The fourth and final member of the little group bothered him the most.
She was a child, maybe in her early teens. Cornelius made a point of avoiding children. They were loud and annoying and irrational. This one seened no different.
“So, how many of them are there?” the girl--the others called her Girl, which he imagined was a nickname of some sort--asked.
“There’re supposed to be a clutch of them,” Feli Simmers said. She grinned down at Girl as she hoisted her pack back on. The team was carrying a lot of food. More than they needed by far, but perhaps they had a trick in store.
If Cornilius had to kill over a dozen young wyvern, he would certainly try poisoning some meat to kill them without getting close.
Perhaps the team wasn’t as unprepared as he thought. Their success had to come from somewhere. There was no faking the multitude of reports they’d been receiving from the team’s activities.

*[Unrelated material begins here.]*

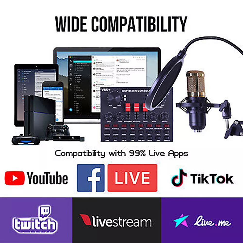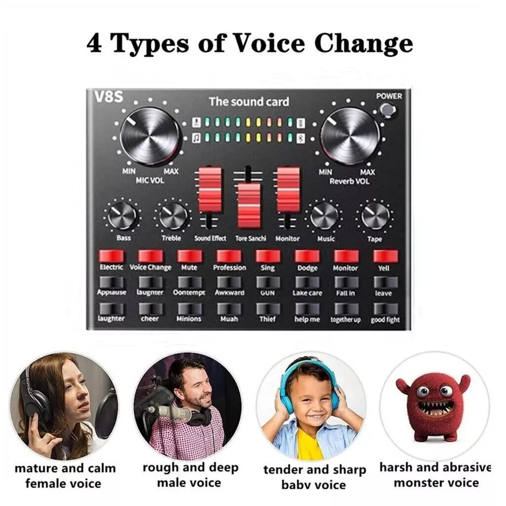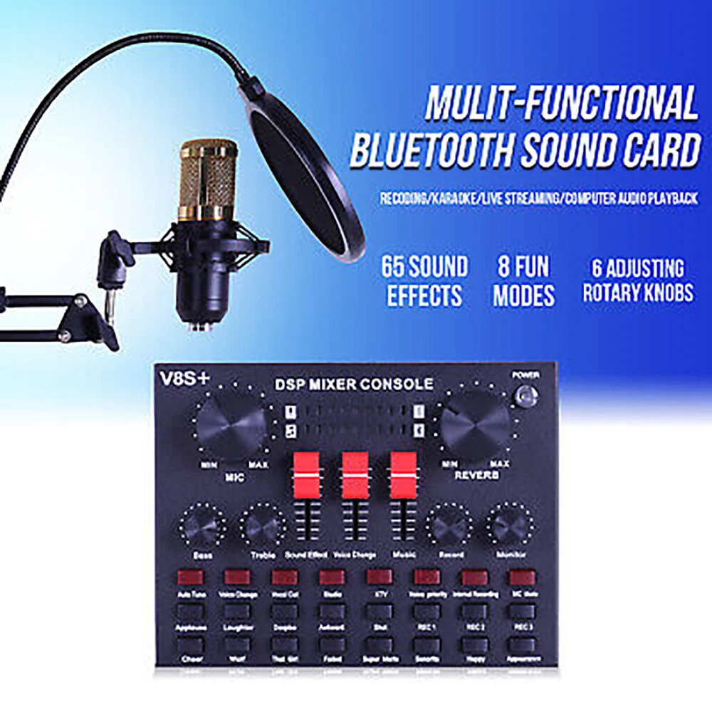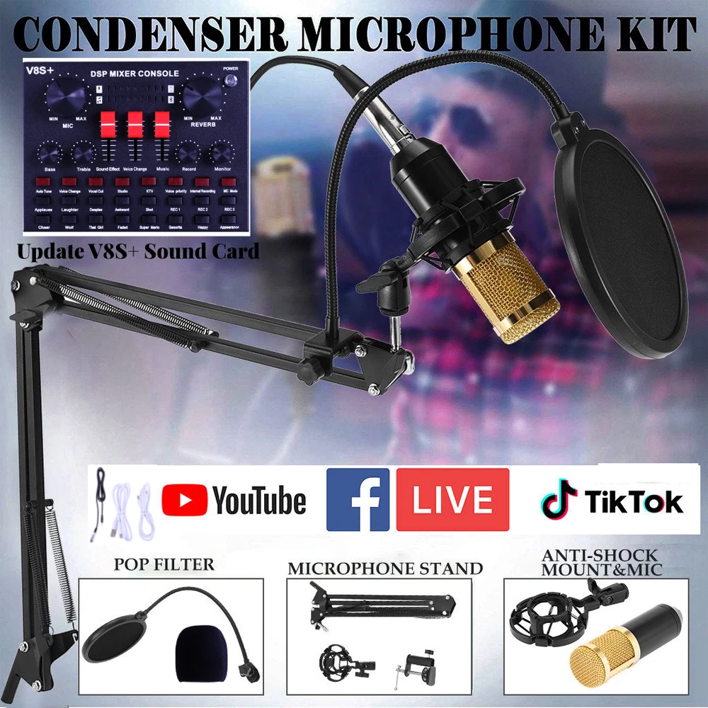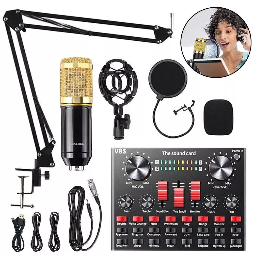 Complete Home Studio Recording Kit Mixer Condenser Microphone for Music Podcast Description: High-performance microphones are designed to deliver clear, high-quality sound for memorable recordings. It can deliver warm, clear bass, detailed midrange, and a silky high end. It is ideal for vocals, musical instruments, podcasting, voiceovers, interviews, field recordings. Suitable for studios, recording studios, broadcasting stations, personal broadcast, adage performance and computers. Feature: -The sound card includes 65 sound effects, 8 fun modes and 6 adjusting rotary knobs. -With BT function, two live and one accompaniment after connecting three phones. -It is the indicator light when sound enters. When it is not singing, it is the breathing light. -One button to eliminate the original sound, intelligent dodge. -Equipped with DSP intelligent noise reduction chip, low power consumption, stereo sound. -Built-in rechargeable polymer lithium battery, it is long-lasting. -The microphone cover prevents wind noise while you are recording. -The double-layer filter with double-layer nylon mesh construction can effectively remove plosive sound in the recording. -The shockproof mount can securely hold the microphone and effectively reduce handling noise. -Universal function, support singing, live streaming, recording, music and other multi-function. Support mainstream live streaming software. Specification: Material: Metal Color: Black + Gold, Black BT Protocol: 2.1 Channel: 5.1 S/N Ratio: > 95dB Frequency Response: 20Hz-20KHz ±3dB Distortion: 0.3% (1KHz, A weighting) Package Contents: -1*V8S Live Sound Card -1*BM-800 Condenser Microphone -1*Adjustable Microphone Stand -1*Nylon Filter -1*Faux-plastic Shock Mount -1*Microphone Windscreen -1*USB 3.5mm Charging Cable -1*USB 3.5mm Accompaniment Cable -1*USB 3.5mm Live Cable -2*English Manual Instruction Note: 1. Please allow 0.5-1cm differences due to manual measurement. 2. Due to the light and screen difference, the item's color may be slightly different from the pictures. Brand Unbranded Form Factor Microphone Kit Transducer Type Condenser Diaphragm Size Medium Suitable For Studio Recording, Live Performance, Home Recording MPN Does Not Apply Color Black + Gold, Black Connectivity 3.5 mm (1/8 in) TRS, Bluetooth Features Adjustable Stand, Built-in Headphone Jack, High Sensitivity, Integrated Digital Converter, Mix Control, Noise Cancellation, Plug and Play Material Metal BT Protocol 2.1 Channel 5.1 Working Voltage 3.3V-4.2V Charge Voltage 5V±5% Charge Current 500mAh max S/N Ratio >95dB Frequency Response 20Hz-20KHz ±3dB Distortion 0.3% (1KHz, A weighting) Battery 2000mAh Form Factor1 Scissor Arm Stand Type Desktop Microphone Microphone Form Factor Hanging Microphone Instrument Guitar/Piano/Drum/Harmonica Features1 Noise Cancellation, Mountable, On/Off Switch

For the moment, Cornilius decided to assume that the team was under equipped because they decided not to fight the enemy head-on, which was wise in this case, and being light on their feet would serve them better than having too much gear. The child was likely something like a team pet. That had happened often enough. Precocious orphans joining teams on adventures for a little while.
They reached the edge of the mountains to the north of Treescore and found a trail leading up the edge of the rocky terrain.
By mid-day, Cornelius was beginning to suspect that something was wrong with the child.
Did all children eat that much? For that matter, why did she not have boots on?
Also, why were the members of the team praising her for every little thing and occasionally pausing to... pat her head? It was bizarre.
“Alright,” Jean guy, the team’s nominal leader, said as they reached a sort of plateau on the side of the mountain. He cupped his hands over his eyes and searched the surroundings for a moment. “The villagers said the wyverns were around here.”
“Is it those birds?” the girl asked while pointing.
Cornelius followed her pointing finger to a flock above. “No, those are pigeons,” he said.
“Oh. Is it those birds?”
This time, she was pointing to what was very clearly an entire roost of wyverns resting next to a cavern on the mountainside. They were hard to make out against the rocks around them, their grey scales blending in with the stones around them.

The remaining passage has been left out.